В тот злосчастный день Денис шатался по ярмарке и разглядывал продаваемые там небылицы, среди которых особенно бесчинствовали косматые брехливые собачонки — старый Хого звал их шихушоу, львы и тигры, хотя любому китайцу ясно было, что венец их карьеры — стать супом для лечения почек. И вот эти суповые наборы с лишайными космами на тщедушном тельце носились возле любовного шатра и привольно брехали на всех, кто, не имея денег, старался ухватить свое и подглядывал в дырки за брачующимися парами.

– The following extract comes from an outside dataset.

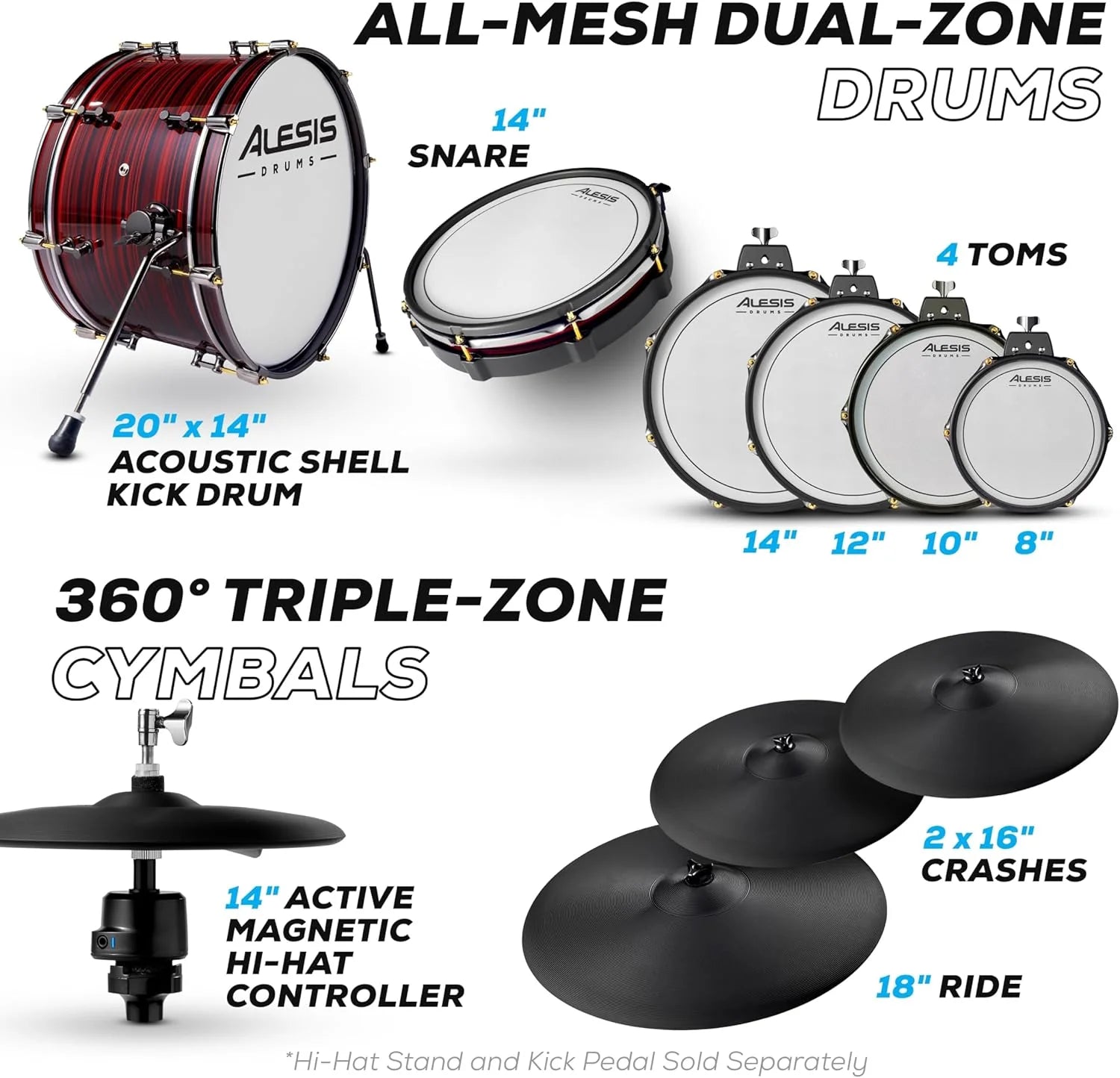 Tension can be adjusted on all six mesh heads so you can set the rebound and expressiveness to your preference - unnatural hotspots are eliminated by Alesis’ patented anti-hotspot sensor design.

Давши львам и тиграм пару предупредительных пинков, Денис и сам прильнул к одной дырке — и ослеп от того, что увидел. Десятки смуглых голых тел, вытянувшихся, как черви, или, напротив, свернувшихся улитками, содрогавшиеся совместно и в розницу, не смутили его — он давно знал, что дети берутся не из капусты, и аисты в наши края тоже не залетали. Но среди людского шевелящегося болота взгляд его вдруг выловил тонкую маленькую фигурку, которая застыла на месте и смотрела прямо на него, будто знала, что он подглядывает. Рядом с фигуркой слабо валялся старый китаец Чжан— человек никуда не годный, но дававший деньги в рост, а потому проклинаемый всей деревней, особенно перед китайским Новым годом, когда наступало время отдавать долги, а значит, Чжан входил в любой дом без приглашения и мог принудить к расчету любого.
Сейчас рядом с ним, беспамятным, стояла дочка Хого, десятилетняя Сяо Юй, Рыбка. Чжан купил ее для веселых развлечений, заплатил полновесным золотом. И она того стоила, уж поверьте мне. Тело гибкое, стройное, смуглое, но не как у китаянки, а лишь покрытое золотым загаром, черные буйные волосы и среди всего этого китайского великолепия — внезапные голубые глаза, горевшие огнем недетской ненависти к окружающему миру.